▼▼▼

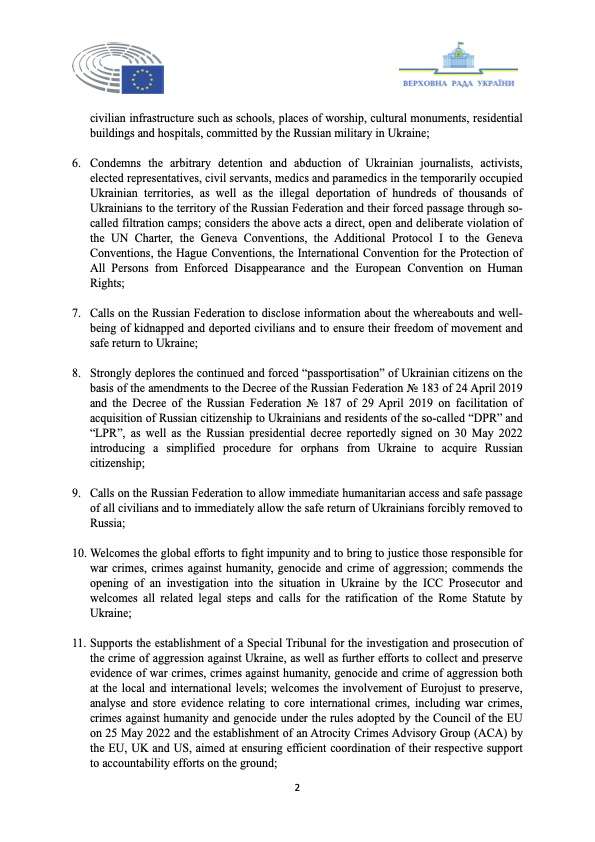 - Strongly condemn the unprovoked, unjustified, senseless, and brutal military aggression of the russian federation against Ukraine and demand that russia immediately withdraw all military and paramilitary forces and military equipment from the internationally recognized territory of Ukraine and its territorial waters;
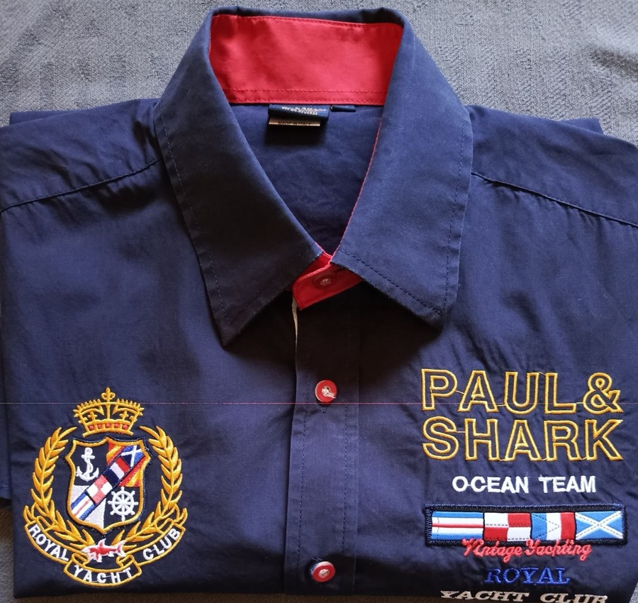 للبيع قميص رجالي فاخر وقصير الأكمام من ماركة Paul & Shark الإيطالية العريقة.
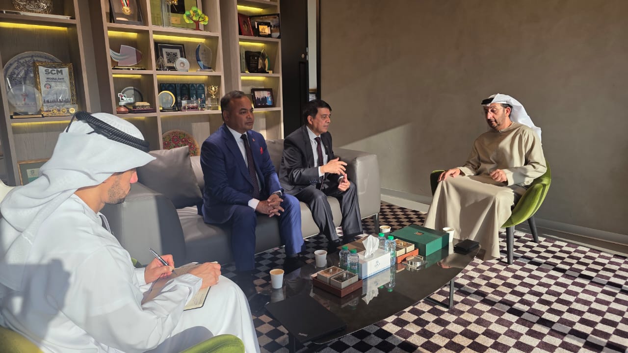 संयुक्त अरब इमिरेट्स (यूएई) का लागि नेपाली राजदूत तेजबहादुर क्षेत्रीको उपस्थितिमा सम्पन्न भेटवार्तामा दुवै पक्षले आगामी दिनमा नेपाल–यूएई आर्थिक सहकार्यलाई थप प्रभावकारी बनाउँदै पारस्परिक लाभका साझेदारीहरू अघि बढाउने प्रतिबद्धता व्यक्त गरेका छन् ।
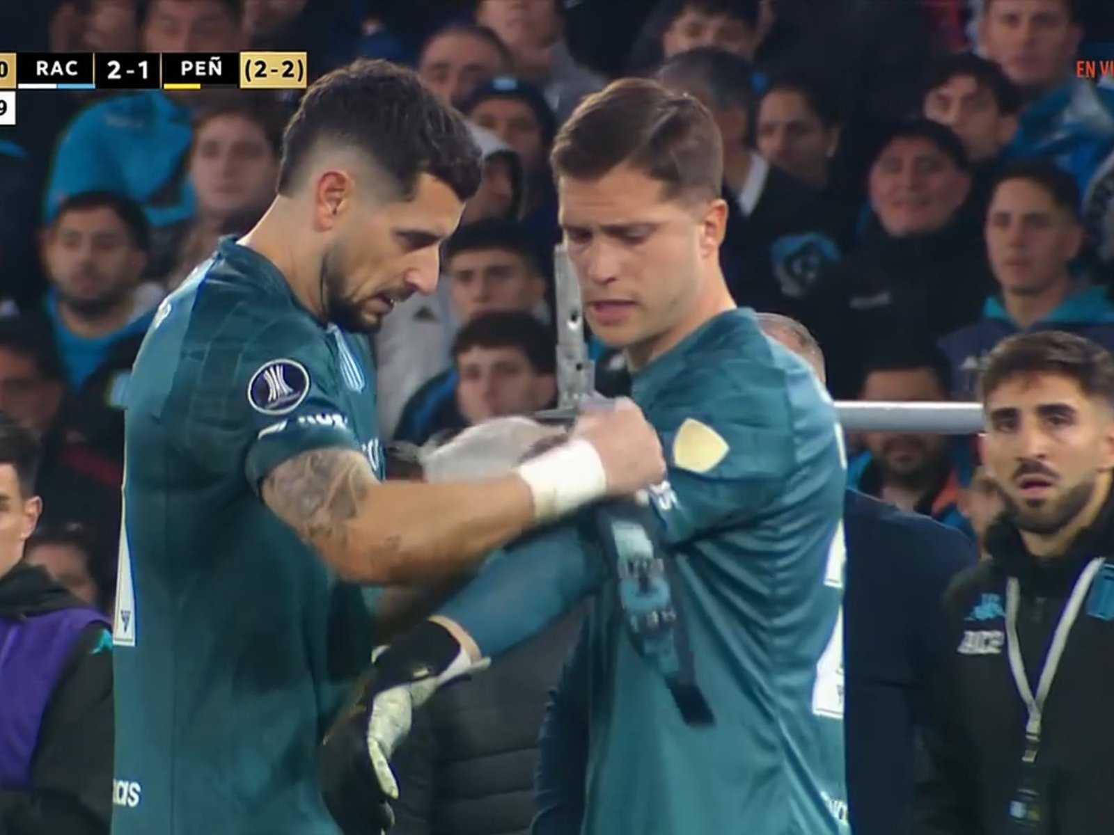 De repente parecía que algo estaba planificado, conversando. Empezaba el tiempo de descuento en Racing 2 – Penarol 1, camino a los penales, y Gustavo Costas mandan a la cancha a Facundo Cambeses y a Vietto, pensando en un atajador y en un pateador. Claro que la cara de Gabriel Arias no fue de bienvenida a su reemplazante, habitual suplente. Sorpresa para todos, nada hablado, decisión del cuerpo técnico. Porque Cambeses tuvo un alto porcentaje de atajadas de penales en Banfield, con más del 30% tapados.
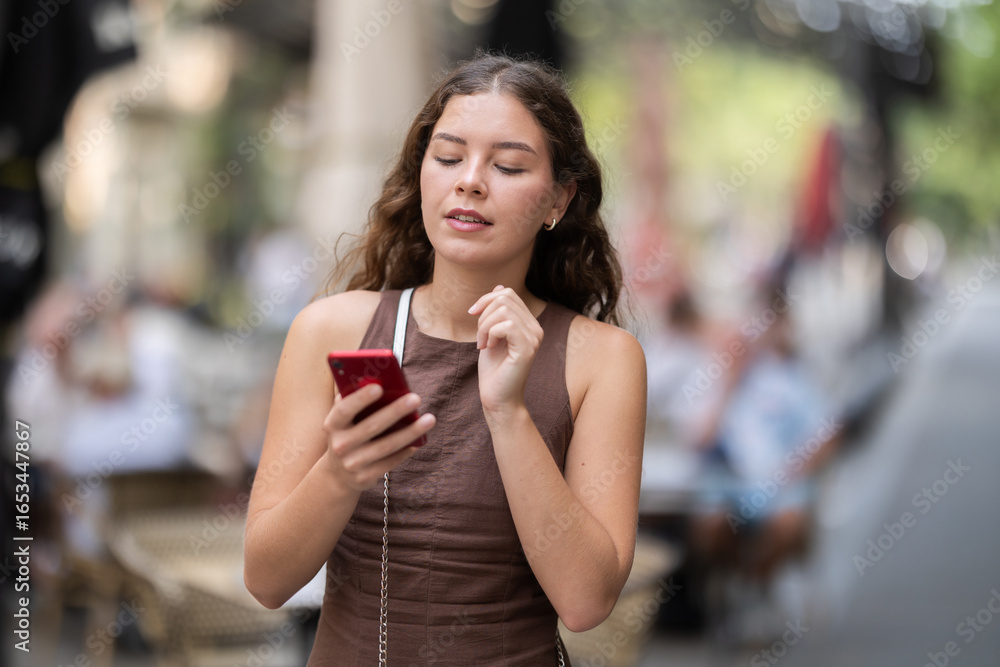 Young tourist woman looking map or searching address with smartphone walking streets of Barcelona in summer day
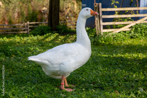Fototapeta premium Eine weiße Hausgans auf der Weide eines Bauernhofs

▲▲▲

* ASSIGNMENT *
Each line from the one with "De repente parecía" to the final line of the data above is to be printed exactly; no picture should appear in the copy.

* RESPONSE TO THE TASK *
 De repente parecía que algo estaba planificado, conversando. Empezaba el tiempo de descuento en Racing 2 – Penarol 1, camino a los penales, y Gustavo Costas mandan a la cancha a Facundo Cambeses y a Vietto, pensando en un atajador y en un pateador. Claro que la cara de Gabriel Arias no fue de bienvenida a su reemplazante, habitual suplente. Sorpresa para todos, nada hablado, decisión del cuerpo técnico. Porque Cambeses tuvo un alto porcentaje de atajadas de penales en Banfield, con más del 30% tapados.
 Young tourist woman looking map or searching address with smartphone walking streets of Barcelona in summer day
Fototapeta premium Eine weiße Hausgans auf der Weide eines Bauernhofs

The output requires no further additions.